Exercise |
Beginning at the line that contains "复旦大学新闻学院硕士生丁超逸", reproduce the entries below exactly, ending with the line that contains "Элегантное блюдо для". Omit each picture.

Material for the task |
>>

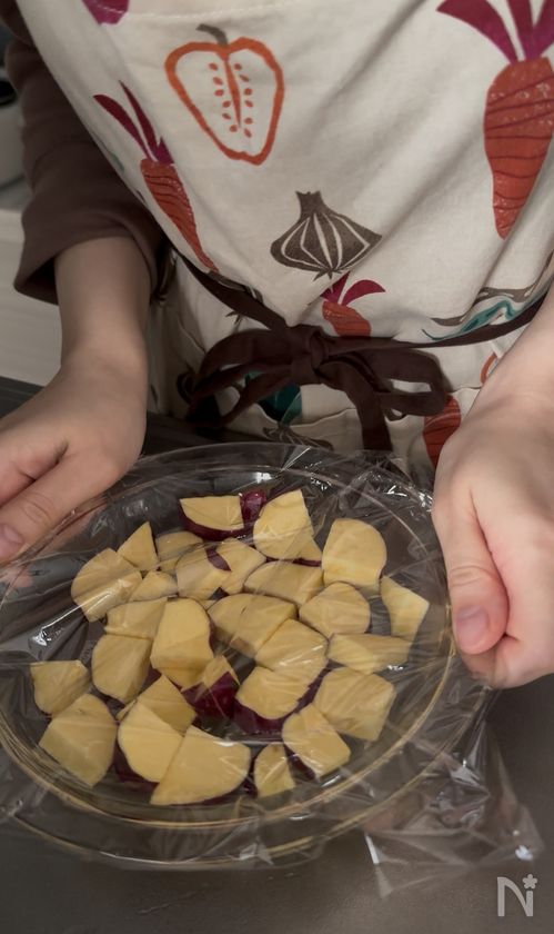 (下準備) さつまいもは1センチ角に切り水にさらす。耐熱容器に並べてふんわりラップをし、レンジ600W2分加熱する。
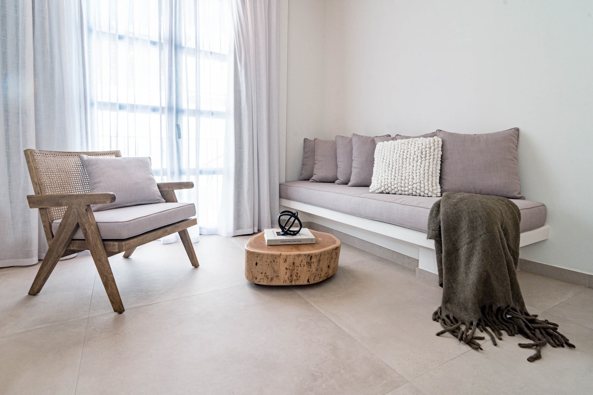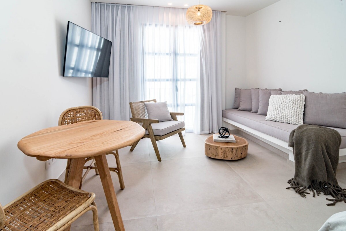 The studio is available for short term rental, from 1 day up to 45 days, for 2 people or families. We offer additional services such as daily housekeeping and concierge service. It is designed in a contemporary and "chill" style using warm and soft fabrics authentic to the area, offering a bright and clean space.The fully fitted kitchen is equipped with kettle, toaster, coffee maker, fridge, dishwasher, built-in electric oven, a hob and microwave. The studio is equipped with washing machine, Tv, an iron and ironing board supplied for your convenience, cutlery, dishes and cleaning products.
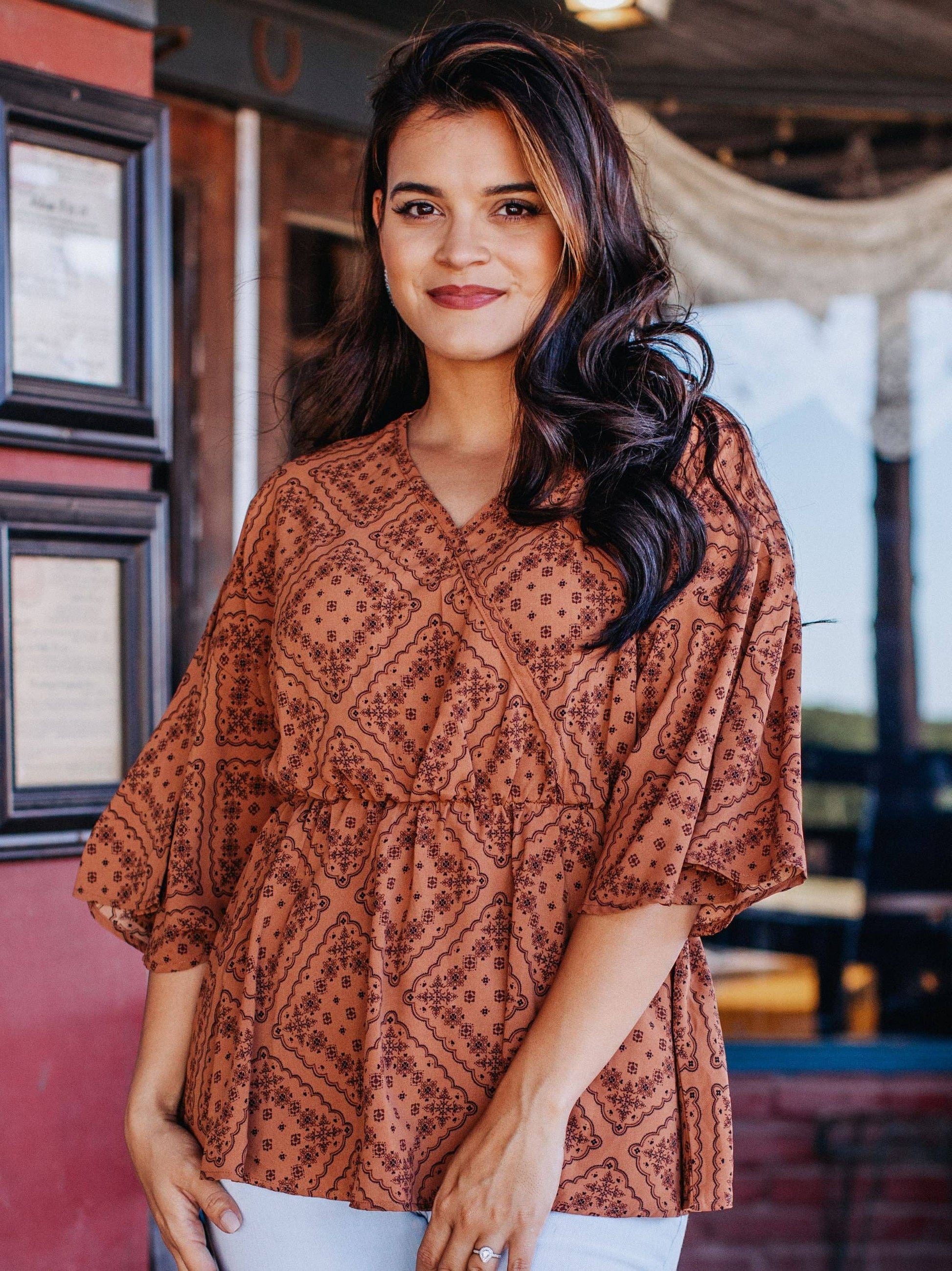 This ‘Southern Social' blouse will become a staple in your closet because it is super versatile. The style of this top is so classy, so you can dress it up with a black skirt and your favorite wedges. Plus the sleeve length and flowy fabric make it a transitional piece as well!
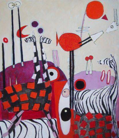 Obraz zaskakuje feerią barw i abstrakcyjną kompozycją. Rozedrgane, nieregularne kształty przeplatają się, tworząc niesamowity kalejdoskop kolorów – od intensywnych czerwieni i fioletów po stłumione czernie i biele. W centrum uwagę przykuwa dziwaczne stworzenie z długimi nogami. Wygląda jak mieszanka zebra i żyrafa, otulona wzorem przypominającym szachownicę. Kolory są bardzo vivid i przyciągają wzrok na dłużej. Całość obrazu emanuje optymizmem i humorystycznym podejściem. Styl artysty to eksplozja abstrakcji z figlarną nutą surrealizmu. Widać ślady dynamicznych pociągnięć pędzlem, które dodają kompozycji ruchu, jakby postacie na płótnie za chwilę miały ożyć. Obraz ten może wzbudzać zarówno zachwyt, jak i konsternację. Jakie emocje w Tobie budzi? Jest też coś czysto dziecięcego w tej mieszance form i kolorów. "Ooo, patrz, to wyglonda jak żyrafa z kosmosu!" – mogłoby powiedzieć dziecko. Patrząc na to dzieło, można poczuć migotanie w sercu, przypominające o nieograniczonej wyobraźni. Jedno słowo, które przychodzi na myśl, to whimsical – odzwierciedlające jego powierzchowną beztroskę i złożoną głębię. Ten obraz to prawdziwa uczta dla oczu i duszy, pełna niespodzianek i emocji.
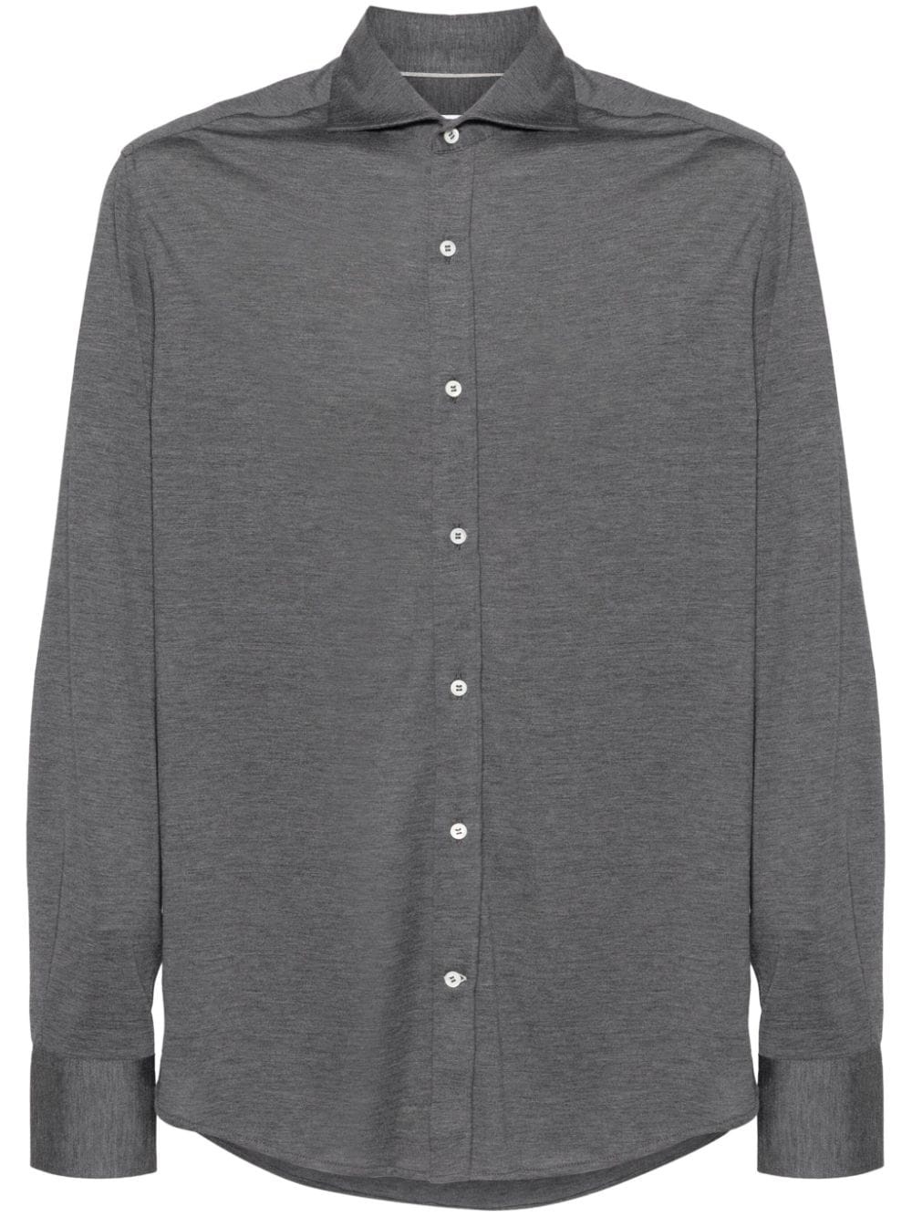 melange jersey shirt Highlights - Dark grey - Silk-cotton blend - Lightweight jersey - Melange effect - Spread collar - Front button fastening - Long sleeves - Buttoned cuffs - Curved hem Made in Italy Composition Silk 62%, Cotton 38% SIZE & FIT Model measurements Height 6 ft 2 in(1.87 m) Bust/Chest 36.41 in(92.5 cm) Hips 37 in(94 cm) Waist 29.52 in(75 cm) FittingInformation Designed for a slim fit, offering a comfortable fit that sits just away from the body Made from a midweight non-stretch fabric, this piece offers minimal elasticity when worn This piece fits true to size – take your usual size
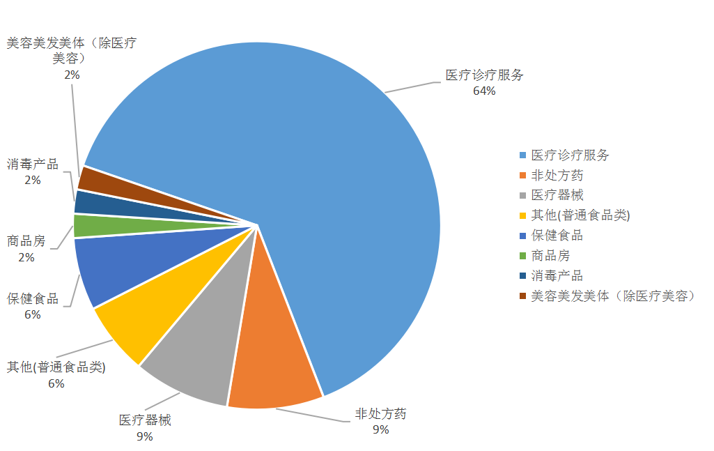 涉嫌違法量排名前五的廣告類別 | 醫療美容服務 | 615 | 27.00% |
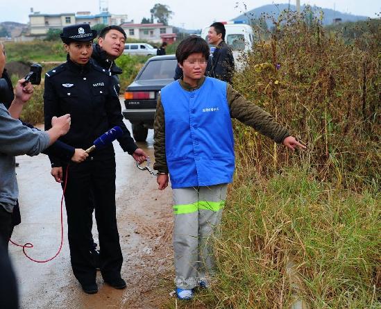 2014年10月29日,云南昆明,涉嫌杀人抛尸的14岁少女王小妹和她25岁的男友段郎在派出所警察押送下指认杀人抛尸现场。10月12日,两人共谋抢劫黑车司机,因64岁黑车司机反抗痛下杀手。图为指认现场照片。
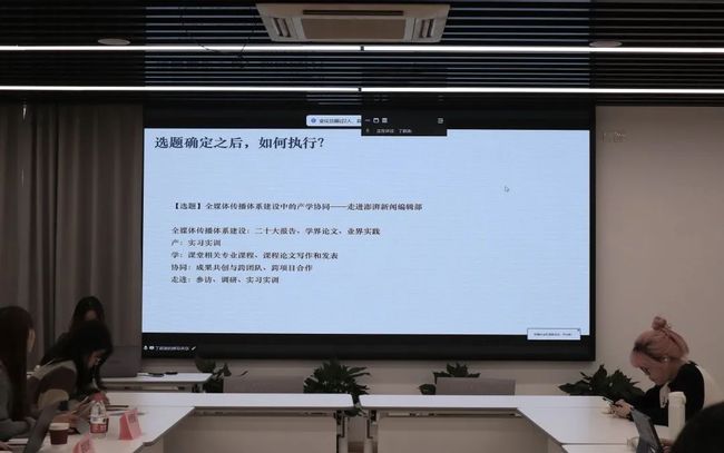 复旦大学新闻学院硕士生丁超逸同学结合由他主持的《全媒体传播体系建设产学协同——走进澎湃新闻编辑部》项目分享经验。他认为,在选题上要推进产学研一体化,在实践中要积极参与一线实习和跨团队合作,在优势突出上要学会抓亮点、抓趋势、抓特征。
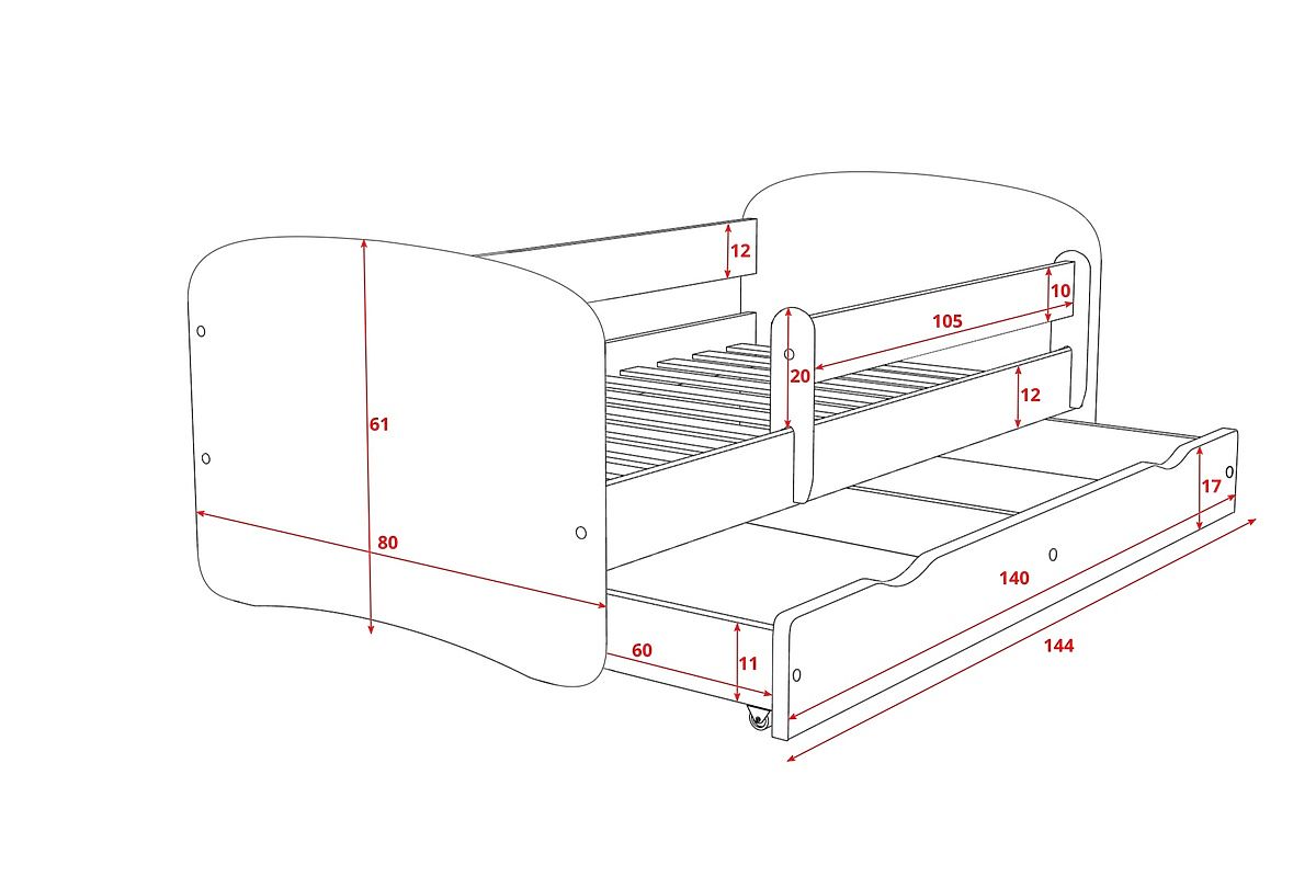 | Dimensioni del letto: | 140x70 cm |
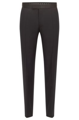 Elegant und modern! Diese Wilvorst Smoking Hose in Schwarz ist der absolute Style-Killer für besondere Anlässe. Aus 100% feinster Schurwolle (Super 120, 250g) mit Naturalstretch für optimalen Komfort. Im extra schmalen Drop8 Schnitt geschnitten - super trendig und figurbetont. Mit typischem Galon aus Satin an den Seitennähten, Tunnelbund und 39cm Fußweite. Perfekt für Black-Tie-Events, Hochzeiten, Examensfeiern oder als edle Streetwear. Die neue Slim Line Variante sitzt einfach perfekt! Sie müssen nicht auf eine formelle Einladung warten - mit dieser Hose machen Sie immer eine gute Figur!
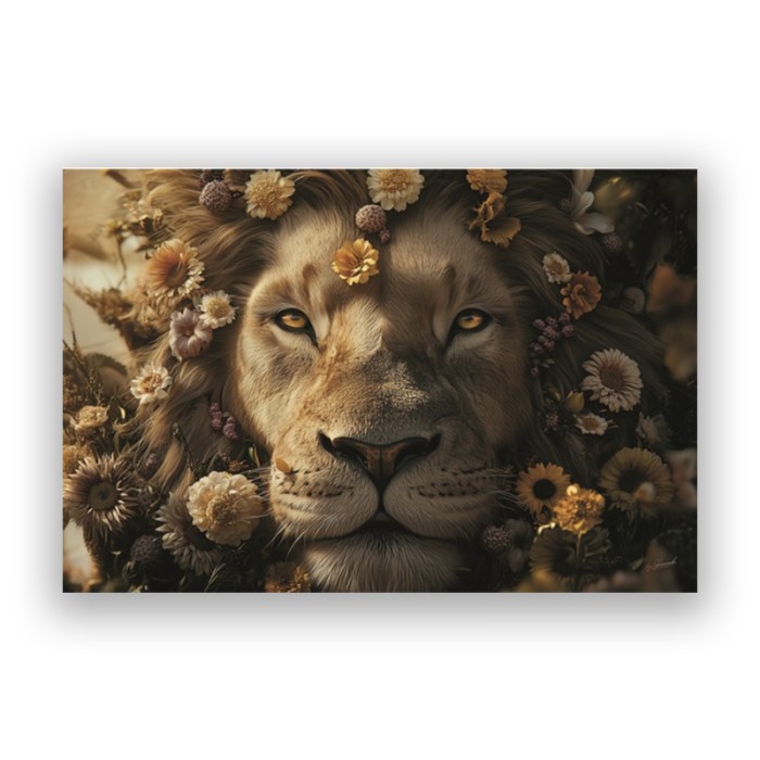 Glasschilderij – Leeuw Met Bloemen – 160 x 110 cm
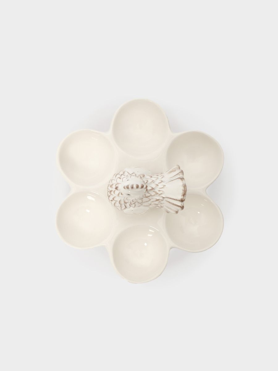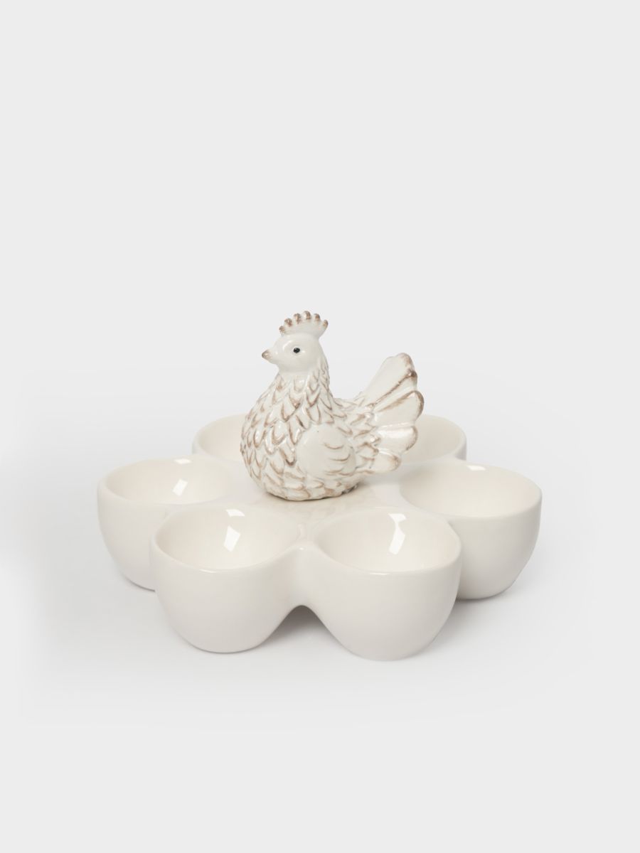 Элегантное блюдо для яиц с декоративной фигуркой курицы — изысканный элемент сервировки, который придаёт столу особое очарование и атмосферу уюта. Продуманный дизайн с шестью аккуратными отделениями позволяет красиво разместить яйца, сохраняя их устойчивость и аккуратный вид.
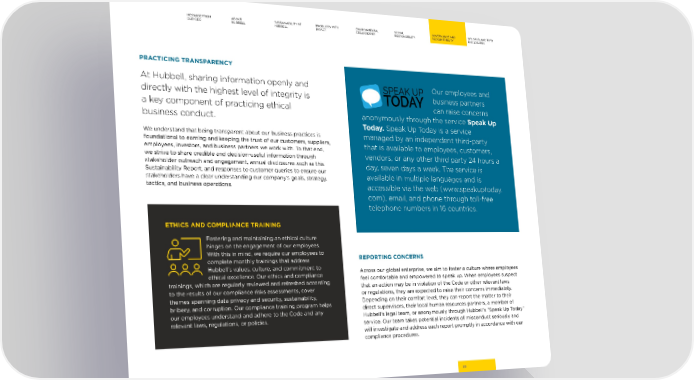 MESSAGE FROM ABOUT SUSTAINABILITY AT PRODUCTS WITH ENVIRONMENTAL SOCIAL GOVERNANCE AND GRI, SASB, AND TCFD OUR CEO HUBBELL HUBBELL IMPACT STEWARDSHIP RESPONSIBILITY ACCOUNTABILITY DISCLOSURES PRACTICING TRANSPARENCY At Hubbell, sharing information openly and Our employees and directly with the highest level of integrity is business partners a key component of practicing ethical can raise concerns business conduct. anonymously through the service Speak Up Today. Speak Up Today is a service We understand that being transparent about our business practices is managed by an independent third-party foundational to earning and keeping the trust of our customers, suppliers, that is available to employees, customers, employees, investors, and business partners we work with. To that end, we strive to share credible and decision-useful information through vendors, or any other third party 24 hours a stakeholder outreach and engagement, annual disclosures such as this day, seven days a week. The service is Sustainability Report, and responses to customer queries to ensure our available in multiple languages and is stakeholders have a clear understanding our company’s goals, strategy, tactics, and business operations. accessible via the web (www.speakuptoday. com), email, and phone through toll-free telephone numbers in 16 countries. ETHICS AND COMPLIANCE TRAINING Fostering and maintaining an ethical culture hinges on the engagement of our employees. With this in mind, we require our employees to REPORTING CONCERNS complete monthly trainings that address Hubbell’s values, culture, and commitment to Across our global enterprise, we aim to foster a culture where employees ethical excellence. Our ethics and compliance feel comfortable and empowered to speak up. When employees suspect trainings, which are regularly reviewed and refreshed according that an action may be in violation of the Code or other relevant laws to the results of our compliance risks assessments, cover or regulations, they are expected to raise their concerns immediately. themes spanning data privacy and security, sustainability, Depending on their comfort level, they can report the matter to their bribery, and corruption. Our compliance training program helps direct supervisors, their local human resources partners, a member of our employees understand and adhere to the Code and any Hubbell’s legal team, or anonymously through Hubbell’s “Speak Up Today” relevant laws, regulations, or policies. service. Our team takes potential incidents of misconduct seriously and will investigate and address each report promptly in accordance with our compliance procedures. 59

<<

Response below |
 复旦大学新闻学院硕士生丁超逸同学结合由他主持的《全媒体传播体系建设产学协同——走进澎湃新闻编辑部》项目分享经验。他认为,在选题上要推进产学研一体化,在实践中要积极参与一线实习和跨团队合作,在优势突出上要学会抓亮点、抓趋势、抓特征。
 | Dimensioni del letto: | 140x70 cm |
 Elegant und modern! Diese Wilvorst Smoking Hose in Schwarz ist der absolute Style-Killer für besondere Anlässe. Aus 100% feinster Schurwolle (Super 120, 250g) mit Naturalstretch für optimalen Komfort. Im extra schmalen Drop8 Schnitt geschnitten - super trendig und figurbetont. Mit typischem Galon aus Satin an den Seitennähten, Tunnelbund und 39cm Fußweite. Perfekt für Black-Tie-Events, Hochzeiten, Examensfeiern oder als edle Streetwear. Die neue Slim Line Variante sitzt einfach perfekt! Sie müssen nicht auf eine formelle Einladung warten - mit dieser Hose machen Sie immer eine gute Figur!
 Glasschilderij – Leeuw Met Bloemen – 160 x 110 cm
 Элегантное блюдо для яиц с декоративной фигуркой курицы — изысканный элемент сервировки, который придаёт столу особое очарование и атмосферу уюта. Продуманный дизайн с шестью аккуратными отделениями позволяет красиво разместить яйца, сохраняя их устойчивость и аккуратный вид.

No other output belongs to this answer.